All that should come back is the lines of the data below from the one containing "Just like it" to the one containing "Science talks, shown", inclusive, exactly as they stand.

*** Source data Section Begins ***

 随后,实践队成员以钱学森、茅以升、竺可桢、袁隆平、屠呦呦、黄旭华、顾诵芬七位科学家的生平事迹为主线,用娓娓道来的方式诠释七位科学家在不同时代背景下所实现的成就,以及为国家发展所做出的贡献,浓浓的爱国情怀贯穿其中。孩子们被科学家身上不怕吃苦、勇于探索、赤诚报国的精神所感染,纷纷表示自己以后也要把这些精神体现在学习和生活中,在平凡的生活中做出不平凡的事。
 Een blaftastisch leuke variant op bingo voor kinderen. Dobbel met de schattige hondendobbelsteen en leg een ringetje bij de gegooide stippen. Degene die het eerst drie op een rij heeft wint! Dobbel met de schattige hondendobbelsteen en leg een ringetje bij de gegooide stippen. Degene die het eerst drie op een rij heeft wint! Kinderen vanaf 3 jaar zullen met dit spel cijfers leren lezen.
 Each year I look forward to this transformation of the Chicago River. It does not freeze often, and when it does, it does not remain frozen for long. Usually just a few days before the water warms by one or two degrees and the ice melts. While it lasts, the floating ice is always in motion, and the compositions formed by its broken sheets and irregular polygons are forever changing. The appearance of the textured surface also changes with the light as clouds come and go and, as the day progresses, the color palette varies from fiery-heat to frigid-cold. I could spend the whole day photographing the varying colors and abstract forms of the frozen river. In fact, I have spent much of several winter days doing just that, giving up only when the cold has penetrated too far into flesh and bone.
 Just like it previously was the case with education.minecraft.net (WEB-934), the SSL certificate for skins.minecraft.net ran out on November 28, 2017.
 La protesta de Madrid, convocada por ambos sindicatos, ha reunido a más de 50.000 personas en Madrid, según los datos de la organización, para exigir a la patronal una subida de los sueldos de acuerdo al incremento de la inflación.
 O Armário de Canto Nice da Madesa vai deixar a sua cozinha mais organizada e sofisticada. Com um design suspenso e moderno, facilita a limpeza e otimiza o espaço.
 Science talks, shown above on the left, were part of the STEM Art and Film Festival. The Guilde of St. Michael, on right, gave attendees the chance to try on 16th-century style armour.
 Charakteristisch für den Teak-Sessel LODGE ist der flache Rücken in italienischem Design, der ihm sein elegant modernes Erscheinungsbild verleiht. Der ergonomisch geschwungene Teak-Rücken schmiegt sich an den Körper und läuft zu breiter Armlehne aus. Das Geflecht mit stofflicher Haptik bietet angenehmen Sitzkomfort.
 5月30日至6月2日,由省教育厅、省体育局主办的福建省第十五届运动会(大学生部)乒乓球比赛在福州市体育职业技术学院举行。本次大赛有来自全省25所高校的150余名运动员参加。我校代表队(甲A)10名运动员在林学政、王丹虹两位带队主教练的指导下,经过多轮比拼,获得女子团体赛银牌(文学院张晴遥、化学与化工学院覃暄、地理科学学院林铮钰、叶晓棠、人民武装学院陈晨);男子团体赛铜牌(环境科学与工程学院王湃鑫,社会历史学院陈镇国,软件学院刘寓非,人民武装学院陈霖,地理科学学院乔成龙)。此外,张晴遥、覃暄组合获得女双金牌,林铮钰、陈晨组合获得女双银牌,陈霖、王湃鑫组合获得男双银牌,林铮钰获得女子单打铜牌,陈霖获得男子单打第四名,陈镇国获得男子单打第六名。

*** Source data Section Ends ***

- **Reply to the task**:
 Just like it previously was the case with education.minecraft.net (WEB-934), the SSL certificate for skins.minecraft.net ran out on November 28, 2017.
 La protesta de Madrid, convocada por ambos sindicatos, ha reunido a más de 50.000 personas en Madrid, según los datos de la organización, para exigir a la patronal una subida de los sueldos de acuerdo al incremento de la inflación.
 O Armário de Canto Nice da Madesa vai deixar a sua cozinha mais organizada e sofisticada. Com um design suspenso e moderno, facilita a limpeza e otimiza o espaço.
 Science talks, shown above on the left, were part of the STEM Art and Film Festival. The Guilde of St. Michael, on right, gave attendees the chance to try on 16th-century style armour.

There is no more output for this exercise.